I appreciate any advise!!

BTW, if there are no better ways to achieve my goal, can BIG-IP be enhanced to include new functionality like I describe above? Thanks!

a1l0s2k9

3 Replies

  • To eliminate case, use the standard TCL command [string tolower $string ]

     

     

    I'll defer to the developers for your other questions.
  • Mike_Lowell_456's avatar
    Mike_Lowell_456
    Historic F5 Account
    Yes, I know. As you can see in the iRule provided above, I do use [string tolower ...]. However, this doesn't help in the case of URI::compare where the strings must be decoded (internally) before they can be made lower-case for the purposes of comparison.

    In thinking about the problem more, it seems it would be very nice if URI::compare not only a "-nocase" option, but also had an option to specify the comparison operator like matchclass (i.e. starts_with, equals, ...).

    An additional idea comes to mind as well. Knowing that the starts_with operator is probably used most often to compare directory names in the HTTP URI, it would be nice if there was a starts_with_dir operator that eliminated the need for my two "if" conditions above.

    Instead of this:

    
      if { $uri starts_with "/foo/" || $uri equals "/foo" } {

    It would be just this instead:

    
      if { $uri starts_with_dir "/foo" } {

    It seems that if URI::compare could be extended a bit, my iRule could be greatly simplified and robust URI comparisons could be made very easily.
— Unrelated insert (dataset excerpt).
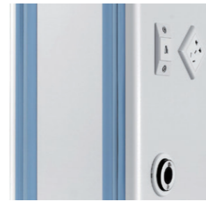
Built-in rails, more hygienic

It seems like this would be a good area to enhance iRules since they are used for parsing the HTTP URI so much. As I read a lot of the forum posts here, I'm surprised to see how few people take into account URI encoding...I wonder how many administrators are parsing request URI's in a way that can be defeated with simple URI encoding (and I wonder for how many this exposes data they didn't intend to expose...).

    Lastly, it seems the iRules wiki example for URI::compare maybe isn't right?

    http://devcentral.f5.com/wiki/default.aspx/iRules/URI__compare.html

    It shows a comparison between "http://www.foo.com/somepath" and [HTTP::uri] (which would only contain the "/somepath" part of the request). If URI::compare really does use RFC2616 section 3.2.3 for comparison, it seems this should fail.

  • sorry, I was looking at your question and breezed by your code. What you've done with your rule is the path I would have gone down as well.